Detection and relative quantification of ambient hydroperoxides of DHA phospholipids in retina and brain

Abstract: Neurodegeneration is thought to be initiated at least in part by reactive oxygen species (ROS) attacking highly unsaturated fatty acids (HUFA), which then enter a runaway lipid peroxidation cycle. The main HUFAs in neural tissue are omega-3 DHA and omega-6 arachidonic acid. We sought to measure ambient levels of lipid hydroperoxides in healthy cow retinas and rodent brains as a first step to understanding how to mitigate oxidation.
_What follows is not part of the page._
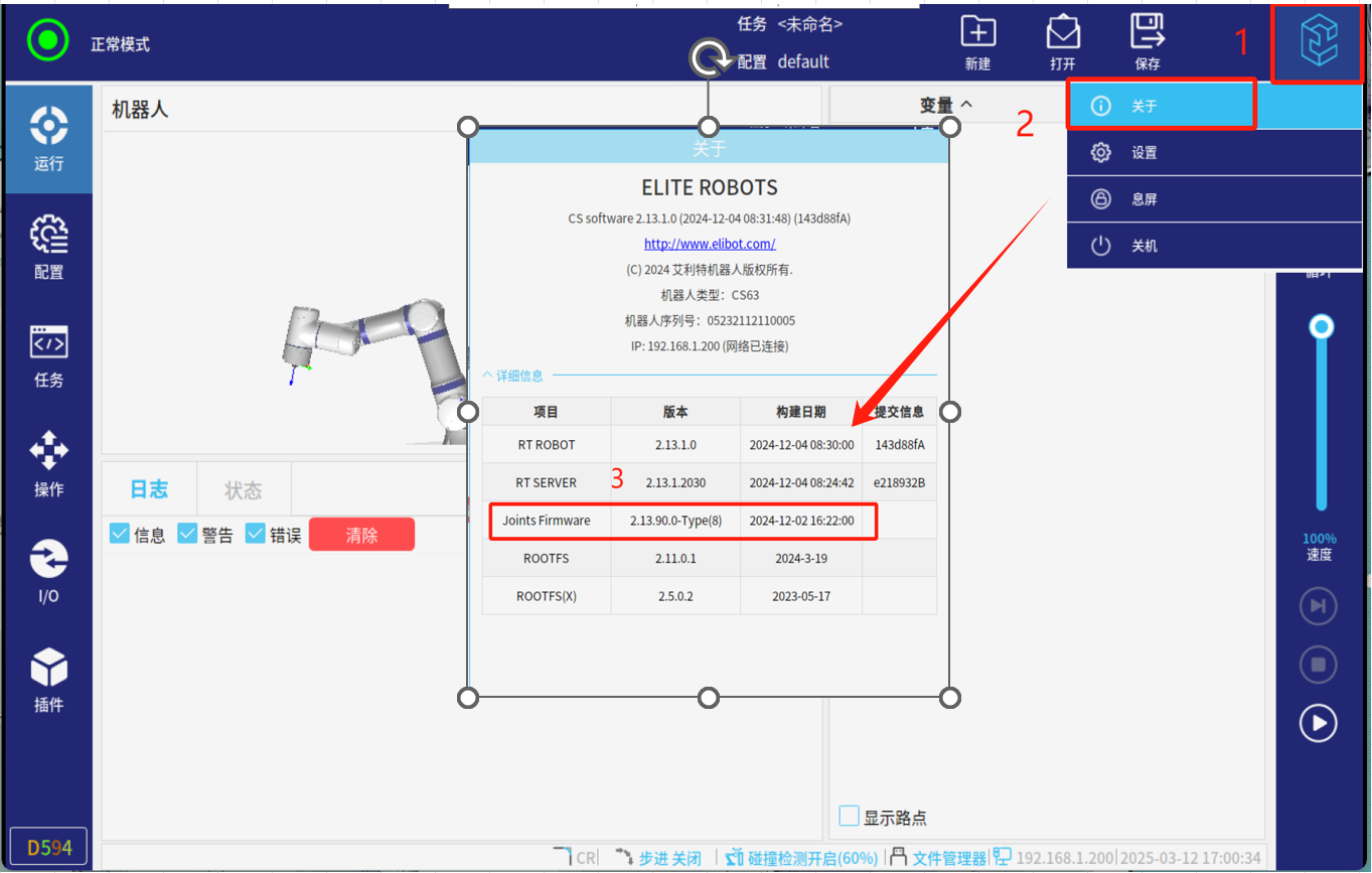 2、在正常模式下點擊如圖4-1所示右上角紅框標注區域(連續快速點擊 5-8 次)就會出現輸入密碼頁面界,然后輸入密碼:elibot,進入專家模式;

We first constructed a simple apparatus to oxidize bovine retinal lipids on the benchtop to obtain standards for analytical parameter development. Bovine retina fatty acid profiles were first established with routine gas chromatography (GC) methods and used to customize mass spectrometry scanning for major HUFA-carrying PLs. Targeted multiple reaction monitoring (MRM) scanning via triple quadrupole tandem mass spectrometry detected native (unoxidized) and oxidation-damaged PL regardless of the position of the O or O₂ addition along the acyl chains and enabled quantification of relative signals from intact native and oxidized PL (5%−10% CV). MRM-triggered information-dependent acquisition (IDA) spectra confirmed the structure of peroxidized PLs, revealing that peroxidized species (+O−OH) dominated over single O-added species in vitro and in vivo. Positive identification and relative quantification are reported for 12 selected in vivo native and peroxidized phosphatidylcholines and phosphatidylethanolamines. Similar studies were undertaken with oxidation-resistant bis-allylic deuterated DHA (D-DHA); our results indicated that these molecules oxidize by single O addition, which may explain their bioactivity. These results enable future studies of the initial peroxidation due to toxins, genetics, or other initiating events influencing in vivo oxidation levels and potentially the effectiveness of strategies to mitigate this mechanism of action.